The liquid drink enhancers category also has faced contraction with sales down 4.9 percent totaling $367 million. Liquid energy drink mix segment sales were down nearly 9 percent for just more than $47 million. Mio, a brand of Kraft Foods Group, accounts for the largest percentage of market share in both the liquid energy drink mixes and liquid fruit drink mixes at 79 percent and 30 percent, respectively. With sales relatively flat, Mio Energy liquid drink mixes netted $37 million, while its liquid fruit drink mix sales totaled $86.7 million for the 52 weeks ending May 17, according to IRI Data. While liquid sports drink mixes where down overall, Propel sustained $1.7 million in sales and saw a nearly 228 percent change from the previous year, according to IRI.

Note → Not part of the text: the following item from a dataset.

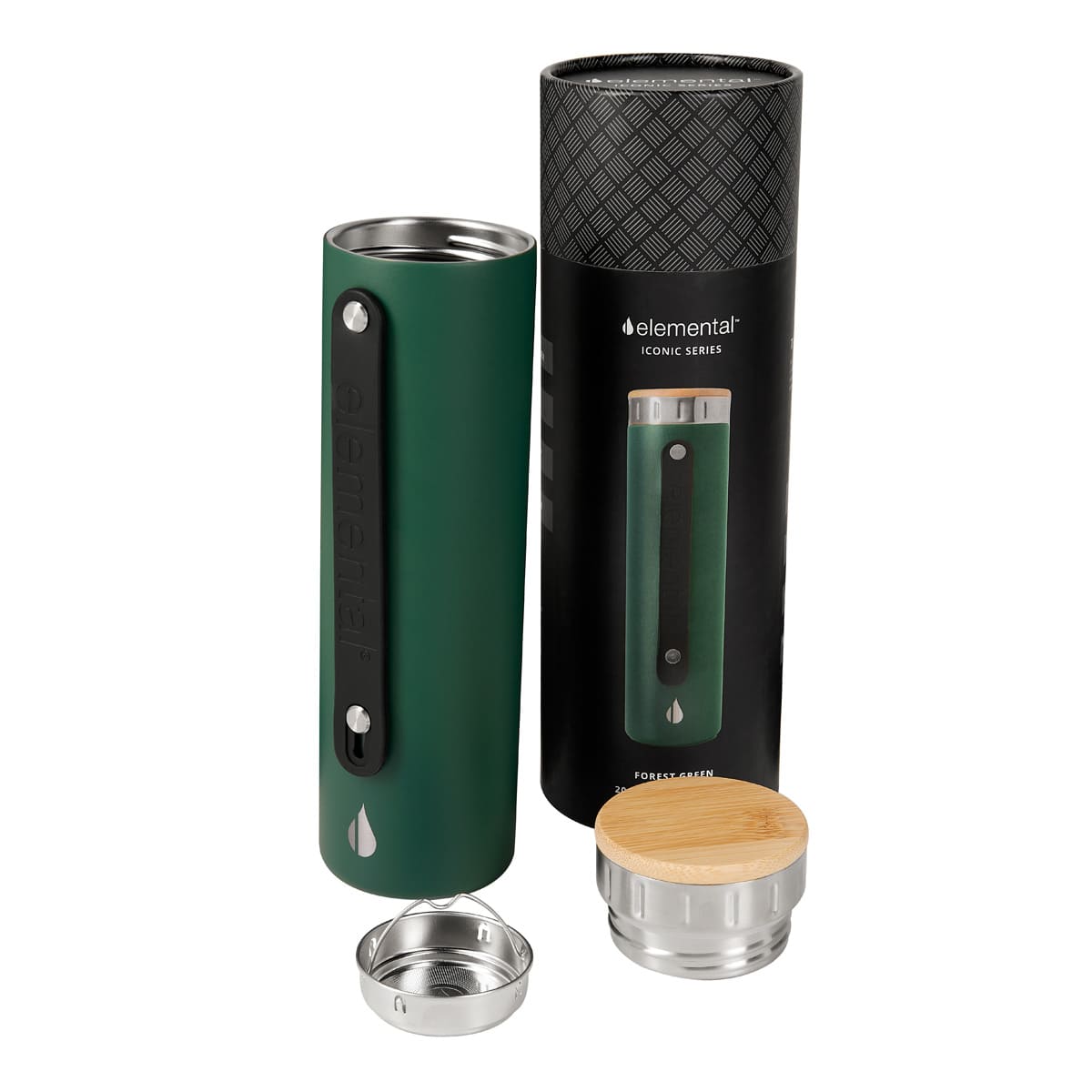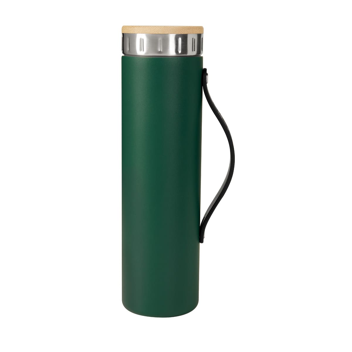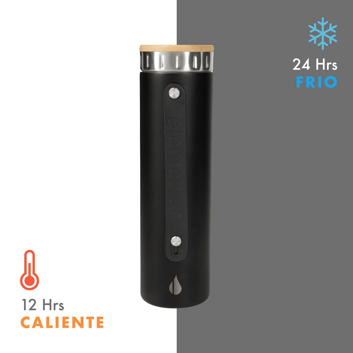 Tecnología TrueBarrier™ que usa aislamiento de triple pared. Doble pared de acero inoxidable y una capa de revestimiento de cobre. Cerrado al vacío. Material BPA free. Tapa de bambú. Contiene filtro de acero inoxidable. Banda de silicón ajustable y removible. Terminado rugoso. Base antiderrapante. Mantiene temperatura caliente 12 hrs y fría 24 hrs aproximadamente. Incluye caja individual. El bambú es un producto natural el cual puede presentar variaciones en tonalidades y vetas.

In its March 2014 report, Chicago-based Mintel reports that it expects the drink mix category, which includes both powdered drink mixes and liquid water enhancers, to see steady increases through 2018. “The best- and worst-case forecasts take the value of the U.S. cold drink mixes from an estimated $2.3 billion in 2013 to $2.9 billion (best case) and $2.2 billion (worst case) in 2018,” noted the report, which added that Mintel expects the market to grow to a total of $2.6 billion in 2018.
Although the powdered drink mix market has experienced several years of overall decline, the growth in the U.S. liquid concentrates segments has created value. To keep pace with this consumer demand for healthy, natural, refreshing beverages, beverage-makers continue to develop new concentrates and drink mixes that give consumers greater convenience and choice.